I thought about setting up a bridge MySQL instance with triggers that create a message queue, then reuse our existing Java DAOs to do the heavy lifting (they know how to read/write either SQL Server or MySQL). But, that quickly gets invasive and brittle.
My next thought was a lightweight wrapper around the
mysqlbinlog program which does essentially what the MySQL replication threads do: reads a portion of the binlogs, persists its current position, then replays the statements.
Then I thought, “well, if we’re doing that, why not just reuse MySQL’s replication code and build something around that core?”
You can see the hole I’m getting myself into.
Are there better strategies? Are there (free or commercial) tools that can replay replication logs on a MSSQL Server instance?
The lightweight Perl/Python wrapper seems the best solution. Anybody have experience with something like this (for SQL Server or otherwise)?
July 16, 2008
We’ve all been through this exercise a number of times: you’re partitioning your data set across multiple physical servers, which means you can no longer rely on your database’s built-in
One common pattern is what’s come to be known as the “hi-lo” strategy. This requires each component in your distributed environment to communicate with a central node (table) to generate an ID, usually by reserving a batch of available IDs for itself to reduce the communication.
(“Hi lo” isn’t exactly self descriptive, so I always use “externalized ID generation” which, despite being longer and more difficult to say, seems to be more descriptive for those not on your core team. Anyway…)
Another pattern that’s emerging is the use of UUIDs. These are 64-bit unique identifiers that can be generated in isolation by any component in your system without talking with a central node (table).
I’m going through this exercise again with a new team, and I’m debating whether I should step outside my comfort zone and try UUIDs. I’m having a hard time
seeing many advantages, however.
The disadvantages that I see are: longer IDs mean longer URLs (unless you go the “slug” route with SEO-friendly URLs), and they don’t play nice with clustered indexes.
The latter is a bit more damning in most scenarios, actually. It just blows away InnoDB’s clustered primary key, for example, which is going to be an issue even outside of web contexts.
The main problem with “hi-lo” is it still introduces a SPOF. In reality, it’s not going to be a bottleneck, since you can always adjust both the granularity and the number of IDs you reserve in each transaction (the “lo” part of “hi-lo”). But that lingering SPOF is a bit ugly.
The other advantages I see are: better use of the available ID space and ubiquitous implementations (even MySQL now has the
uuid() built-in). Many hi-lo implementations are specific to a given framework and/or broken for real distributed environments.

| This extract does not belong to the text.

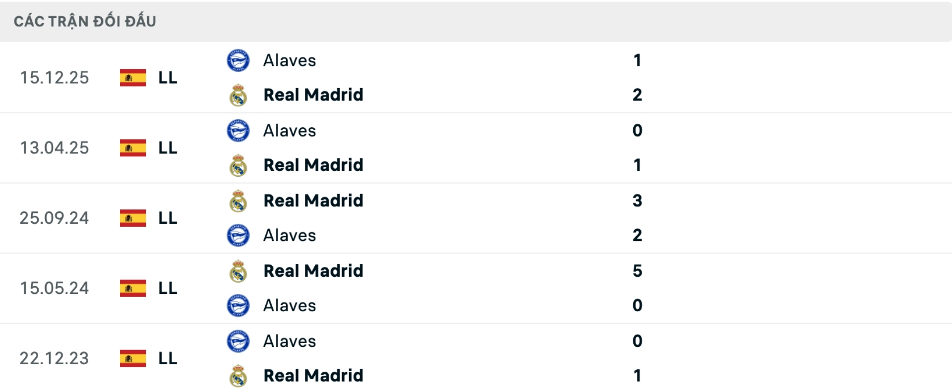 Dù phong độ gần đây thiếu ổn định, Real Madrid vẫn có lý do để tự tin khi chạm trán Alaves. Lịch sử đối đầu đang hoàn toàn nghiêng về phía đội chủ sân Bernabeu. Trong 10 lần gặp nhau gần nhất, Real Madrid giành tới 9 chiến thắng và chỉ thua 1 trận. Trên sân nhà, họ cũng thắng 10 trong 11 lần tiếp đón Alaves gần đây, cho thấy sự áp đảo rất rõ ràng.

Are there advantages I’m missing?
The only situation that I can see where UUIDs offer a clear advantage is for aggregating content across the web, where the UUID can be based on a SHA-1 hash of the source URL, and you’re not clustering on primary key (or, indeed, may not even be using a relational database). FriendFeed seems to have gone this route, for example.
Now obviously, I’m talking about a narrow context. UUIDs are applicable in many other situations (device IDs, node IDs, etc.).
July 6, 2008
There’s an excellent Google TechTalk by Mary Poppendieck on the history of management/leadership organization, starting with railroads in the 1840’s and working through WWII and many of the buzzwords we soaked up in the 1990’s.
By the end, she brings it back around to software engineering teams and identifies two essential leadership roles. Well worth the 90 minutes.